# Felting Soaps



## lillybella (Mar 29, 2013)

Does anyone know how to put an image on a felted soap?

I want to have a template on top of the felted soap so I can follow the lines to felt a design.

Also any tips on felting would really be appreciated.

Thank you.


----------



## sweethavenarts (Mar 29, 2013)

Try searching the forum, we've discussed this recently.


----------



## lillybella (Mar 29, 2013)

Thank you, sweet.
I have searched the Forums, but there is only one question about felting a pattern on top of the soap & there were no responses.
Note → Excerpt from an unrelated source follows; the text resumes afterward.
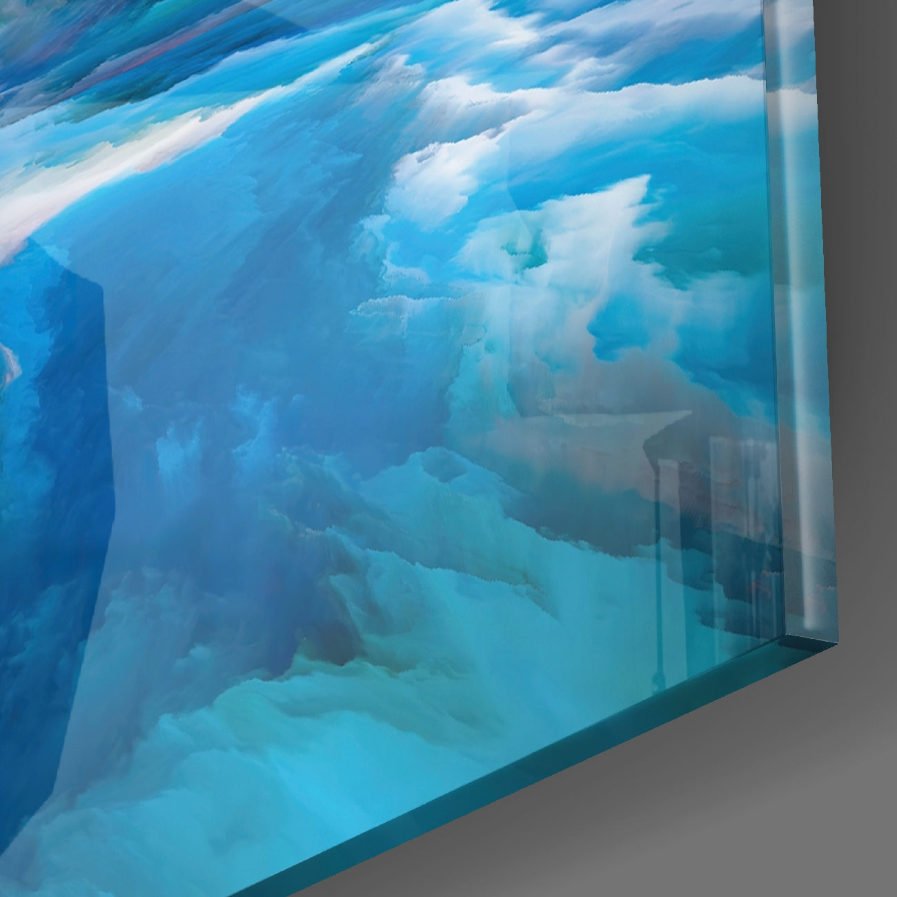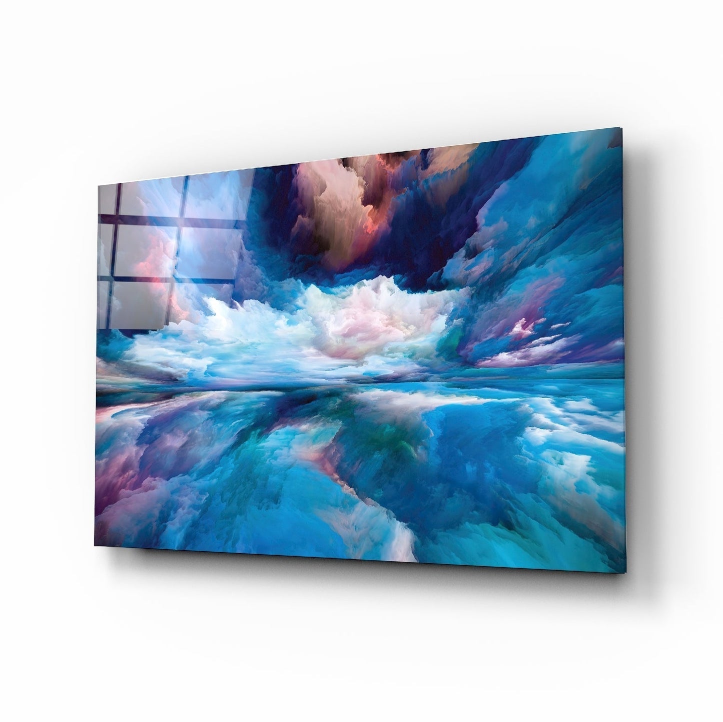 • The painting is printed directly onto the back surface of the glass. In this way, the print remains behind the glass and you see the high print quality with the elegance of glass.
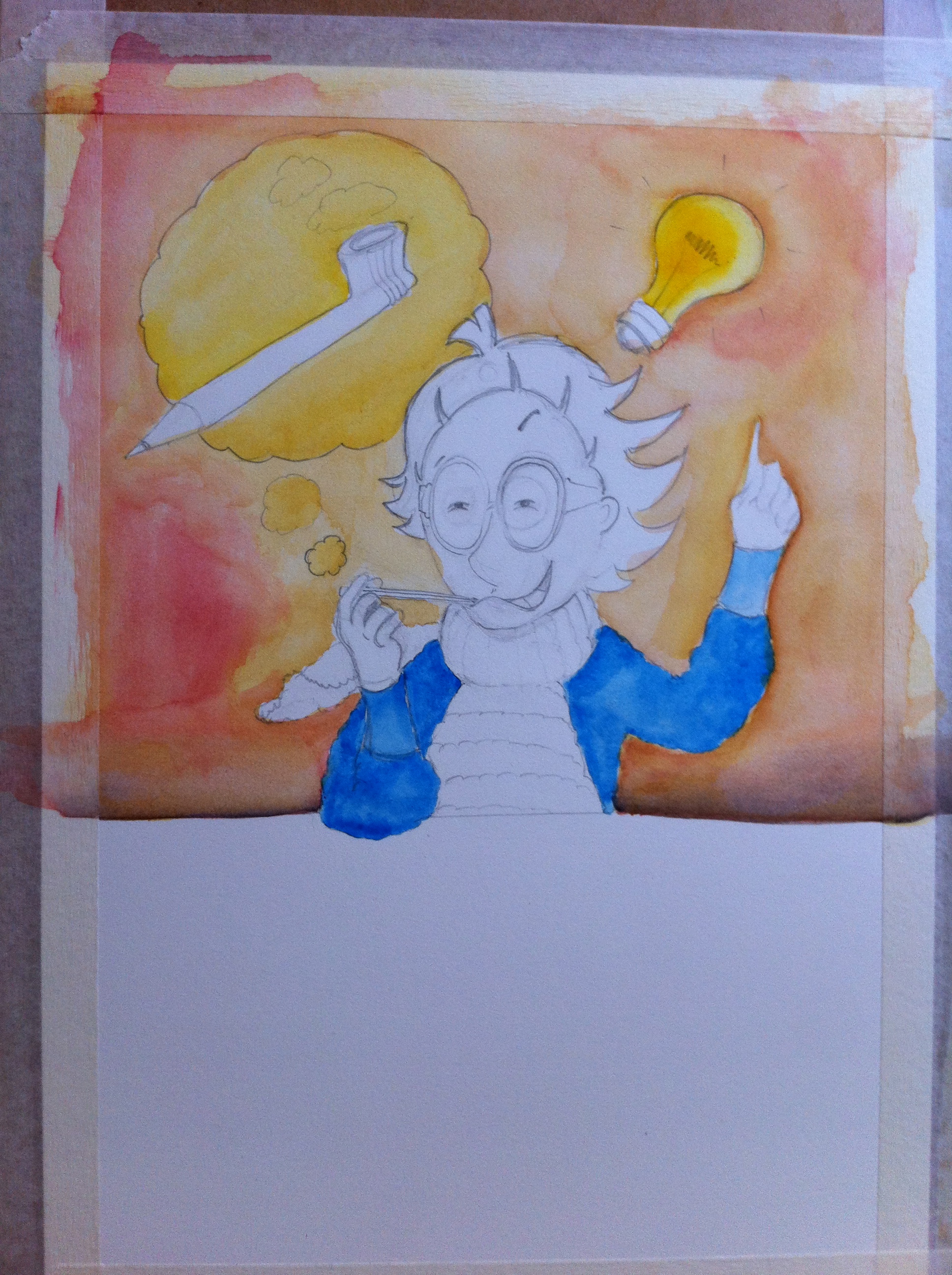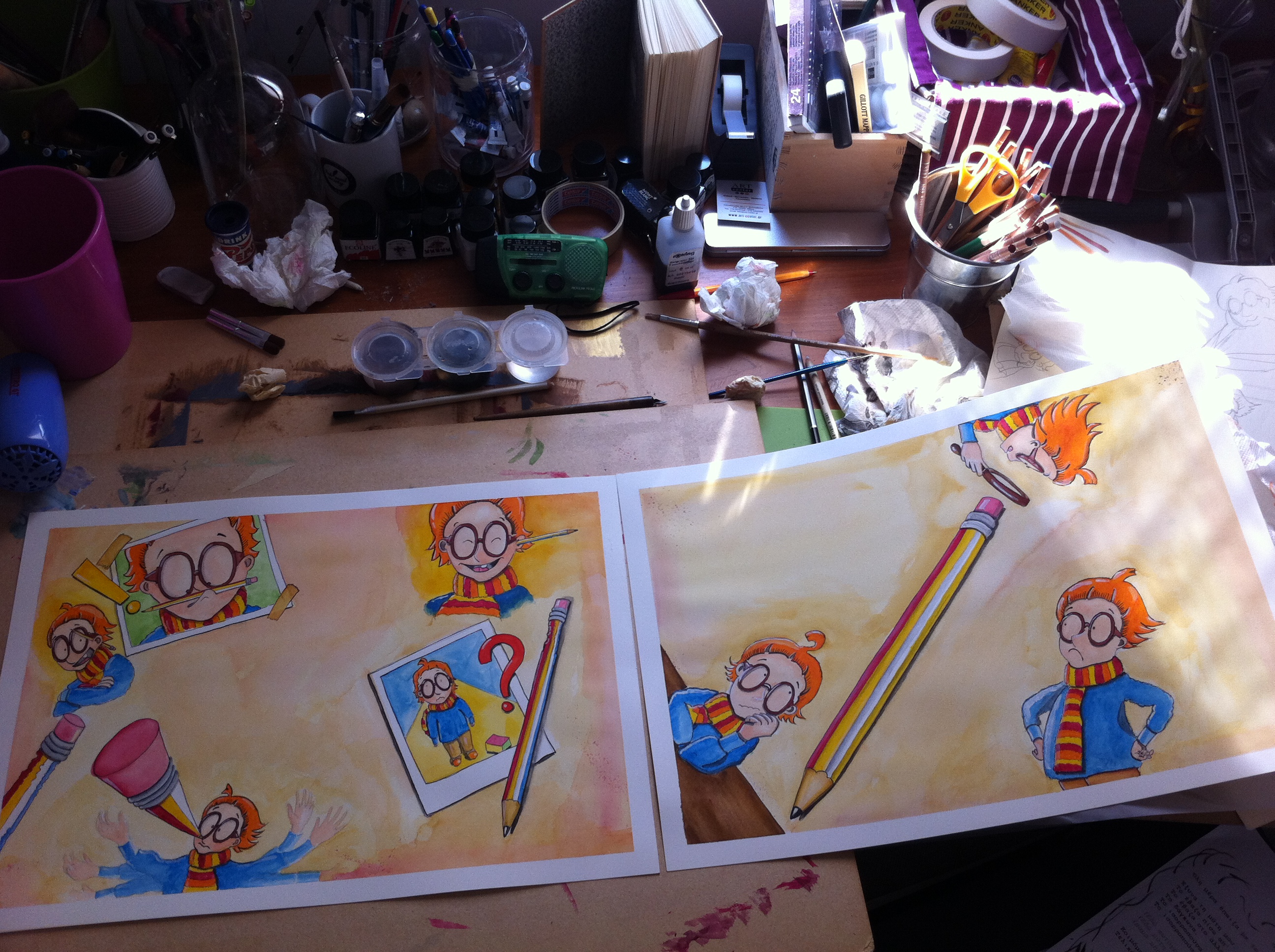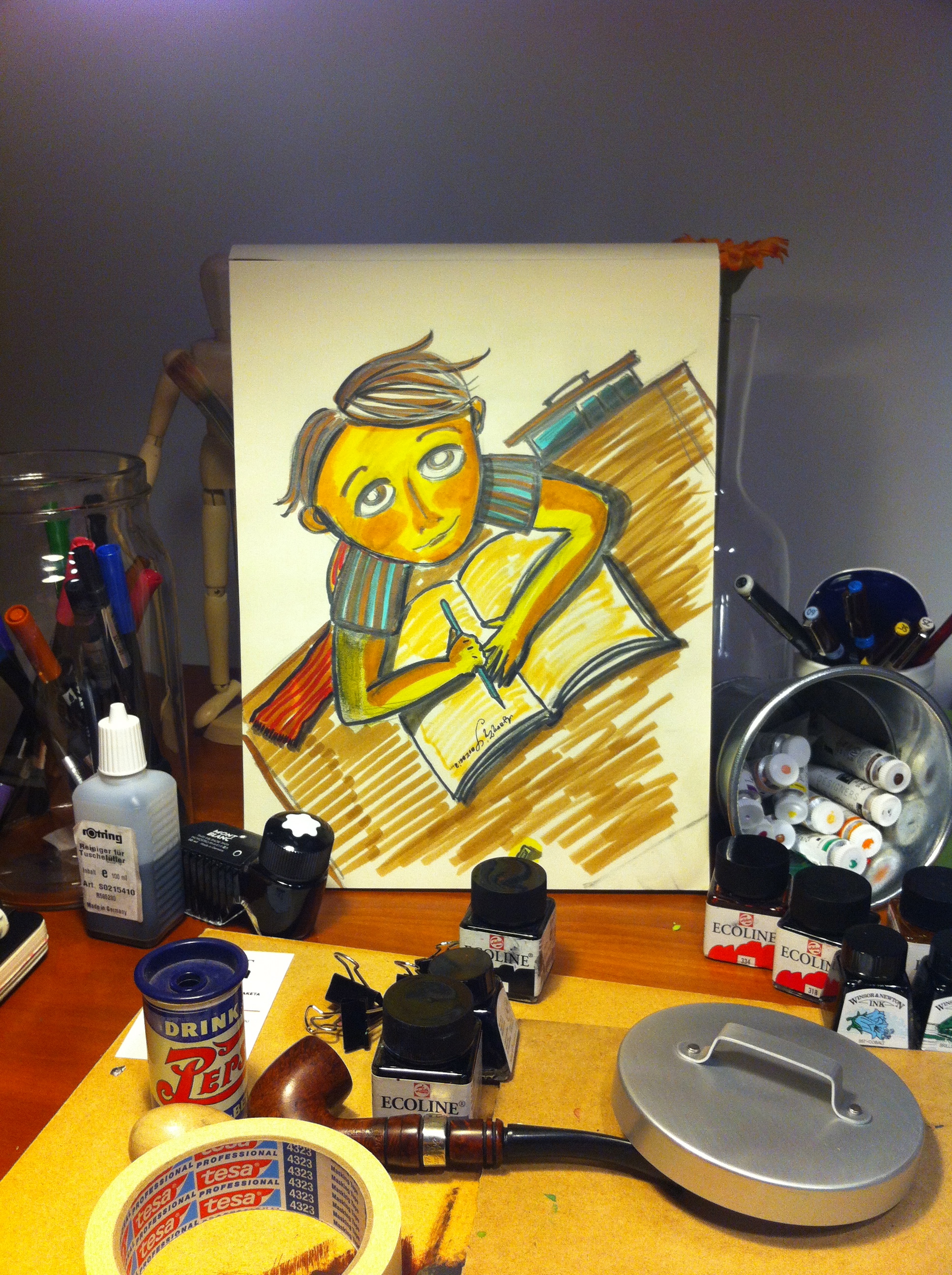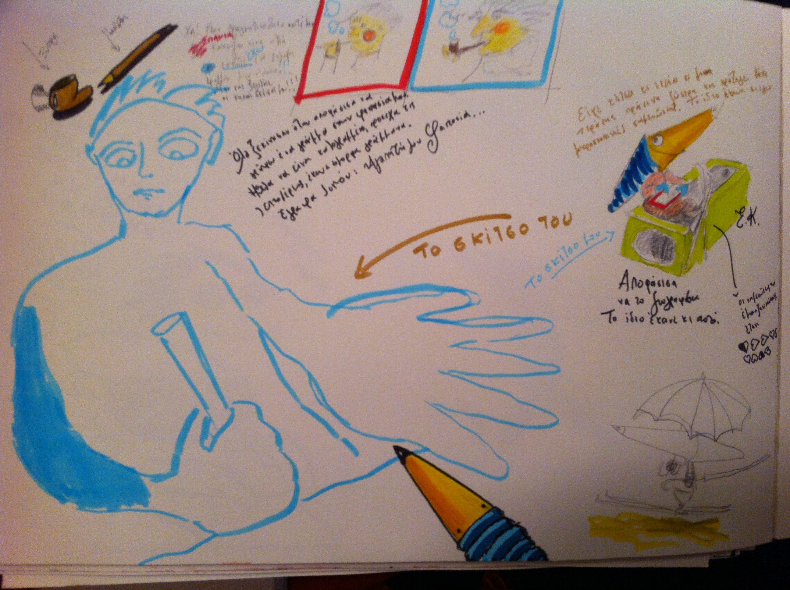 Και τότε μου ‘ρθε. Όχι η ιδέα. Μου ‘ρθε ένα Χμ που είχε βαρεθεί να με περιμένει και να παρακολουθεί τους πανικόβλητους πειραματισμούς μου και μου είπε «άντε, πιάσε το πινέλο και ξεκίνα!». Κι έτσι γεννήθηκε ο Έγκμοντ. Χωρίς προσχέδιο. Έτσι ξαφνικά, με φώναξαν και μου είπαν να τον πάρω από το χμαιευτήριο.

I need to know if a pattern is used & how it is transferred to the felting on the soap & if all this is done after the soap is felted.


----------



## DeeAnna (Mar 29, 2013)

I watched several youTube videos recently about felting soap. From what I gathered, there are a couple of ways to go about creating designs. One person said she likes to stitch a design on the felted soap after felting is done, because she wanted the designs to be very crisp and clear. Her work looked a lot like crewel embroidery. She said if the design is created before felting, the design is more, um, fuzzy, and the other videos I watched did produce soft "fuzzy" designs. I didn't see anyone using a pattern really -- it looked to me like the designs were all fairly free form and were being stitched without any guide markings on the felt. Maybe someone does use a pattern, but these folks were not. I hope this helps. --DeeAnna


----------



## lillybella (Mar 29, 2013)

Thank you DeeAnna

How would I transfer a pattern onto the felted soap?Any ideas?


----------



## paillo (Mar 29, 2013)

Mine are pretty crude, but I use a mini cookie cutter for the outline for my critters, then add eyes and a woollie fleece back, and if I'm really ambitious, feetsies, ears or other extras. Would love to hear more about advanced techniques too!


----------



## lillybella (Mar 29, 2013)

Thank you, paillo

Is there something that can be used to draw on the felted soap?


----------



## jcatblum (Mar 30, 2013)

Here is a tutorial that puts a design 
http://rhythmofthehome.com/2010/07/felted-soap-tutorial/

If you wanted to trace a design would a fabric pencil or marker work???


----------



## DeeAnna (Mar 30, 2013)

I can't speak from experience with felted soap -- think it's interesting but I haven't tried it. But based on my general sewing experience, I might try a tailors' chalk pencil. It looks just like a colored pencil, and you sharpen it just like a regular pencil, but it is formulated to wash out of fabrics. It can be found at fabric/craft stores. Tailors' chalk usually comes in several colors -- I remember pink, blue, and white. Choose the color that contrasts with your felt color.


----------



## lillybella (Mar 30, 2013)

Thank you, DeeAnna


----------



## sweethavenarts (Mar 30, 2013)

http://www.soapmakingforum.com/f14/felted-soap-30850/ the link for a tutorial is on the bottom of the first page. You use a felting needle on a bar of soap that has a jacket of wet felted wool.


----------



## cmzaha (Jun 3, 2013)

You can needle felt on the design if you know how to needle felt. Otherwise with a simple pattern you could possibly lay on different color spots of roving. I make or rather made stained glass looking felted soap by laying pieces of color on top of the main color of roving


----------